British writer-director Sally Wainwright, creator of Happy Valley and Gentleman Jack, is one of the few creative talents who can pursue whatever projects she likes. But as she tells Manori Ravindran, you can’t afford to be too complacent in this industry.
Sally Wainwright, one of the UK’s pre-eminent writers, will be thinking long and hard before sliding into a pair of golden handcuffs proffered by the streaming giants.
The writer behind the likes of BBC One’s Happy Valley and Last Tango In Halifax, ITV’s Scott and Bailey, and most recently, BBC One’s Gentleman Jack, is used to being in control, working at her own pace and, frankly, for whomever she likes. A lucrative deal that requires her to work exclusively for one partner is looked upon with some uneasiness.
You can understand why.

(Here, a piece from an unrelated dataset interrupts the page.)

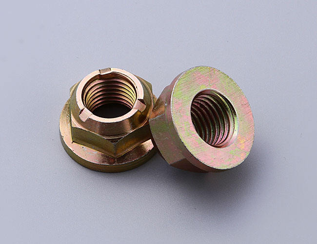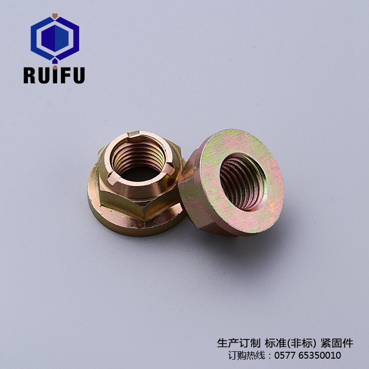 當有振動發生時防松螺母凸起部分相互錯動,產生抬升張力,從而達到不錯的防松效果。法蘭面壓三點緊鎖螺母有鐵的,也有不銹鋼的。但鐵的比較常用。而且還可以根據客戶所需要的色彩進行電鍍處理。一般電鍍處理有環保和非環保的。電鍍有環保彩鋅,環保鎳,環保蘭鋅,環保黑鋅等,也有普通的電鍍,白鋅,彩鋅,黑鋅,白鎳等。

The BBC Studios-distributed crime thriller Happy Valley is consistently cited by myriad TV execs as proof that domestic, gritty drama can travel to broadcasters and platforms around the world, while her latest venture, the Suranne Jones-fronted Gentleman Jack marked her first co-production with HBO.
Is a dalliance with a player such as Netflix, which has enlisted Shonda Rhimes and Ryan Murphy in headline-grabbing deals for absurd money, on the cards? She’s open to it – Netflix, after all, picked up Happy Valley for international and will likely be on board the planned third season she is writing after the second season of Gentleman Jack – but with caveats.
“It depends what they would be expecting in return,” Wainwright tells TBI.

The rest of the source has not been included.